The class used to train a MLP 1 with backpropagation 2 is bob.learn.mlp.BackProp. An example is shown below.

>>> trainer = bob.learn.mlp.BackProp(1, bob.learn.mlp.SquareError(mlp.output_activation), mlp, train_biases=False) #  Creates a BackProp trainer with a batch size of 1
>>> trainer.train(mlp, d0, t0) # Performs the Back Propagation


The second parameter of the trainer defines the cost function to be used for the training. You can use two different types of pre-programmed costs in Bob: bob.learn.mlp.SquareError, like before, or bob.learn.mlp.CrossEntropyLoss (normally in association with bob.learn.activation.Logistic). You can implement your own cost/loss functions. Nevertheless, to do so, you must do it using our C/C++-API and then bind it to Python in your own package.
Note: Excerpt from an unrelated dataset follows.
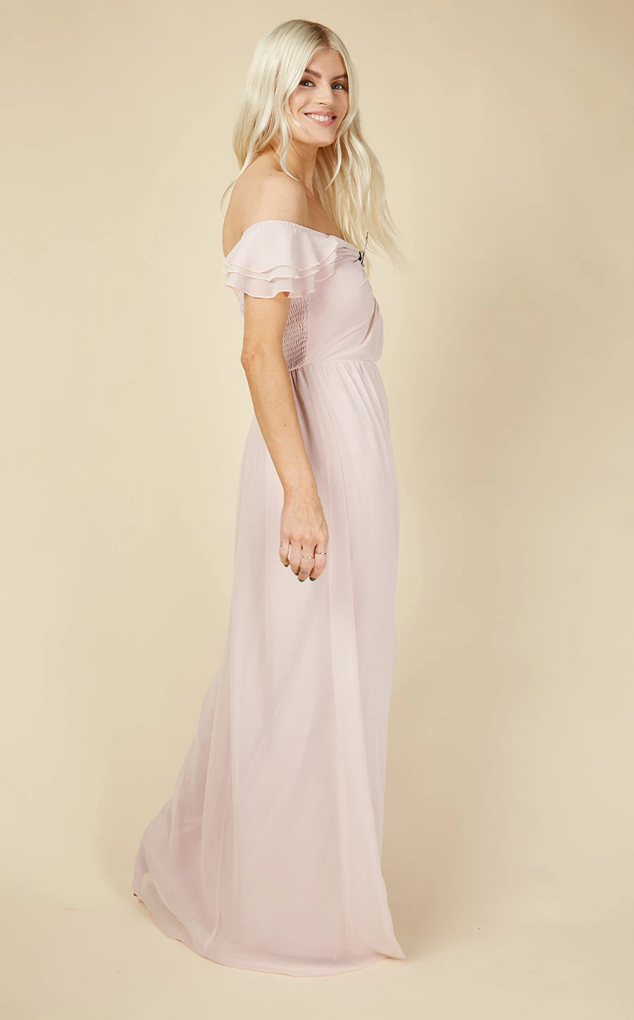 A heavenly pink chiffon gown that is perfect for bridesmaids and swish special events. We love the soft, draping sleeves that elegantly hang off the shoulders, the gathered bust detail and the simple split up to the knee.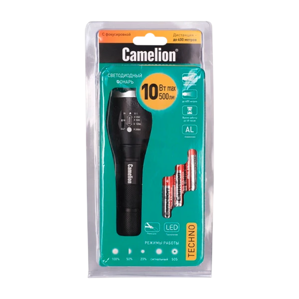 Camelion LED5136 – универсальный фонарь с ближним и дальним светом, фокусировкой ZOOM и 5 режимами. Прочный алюминиевый корпус. Универсальность: ближний + дальний свет с фокусировкой ZOOM. Несколько режимов работы, включая энергосберегающие. Большая яркость. Противоударность, Фокусировочную линзу можно открутить и использовать как увеличительное стекло.

Backpropagation 2 requires a learning rate to be set. In the previous example, the default value 0.1 has been used. This might be updated using the bob.learn.mlp.BackProp.learning_rate attribute.

Another training alternative exists referred to as resilient propagation (R-Prop) 3, which dynamically computes an optimal learning rate. The corresponding class is bob.learn.mlp.RProp, and the overall training procedure remains identical.

>>> trainer = bob.learn.mlp.RProp(1, bob.learn.mlp.SquareError(mlp.output_activation), mlp, train_biases=False)
>>> trainer.train(mlp, d0, t0)


The trainers are not re-initialized when you call it several times. This is done so as to allow you to implement your own stopping criteria. To reset an MLP trainer, use their reset method.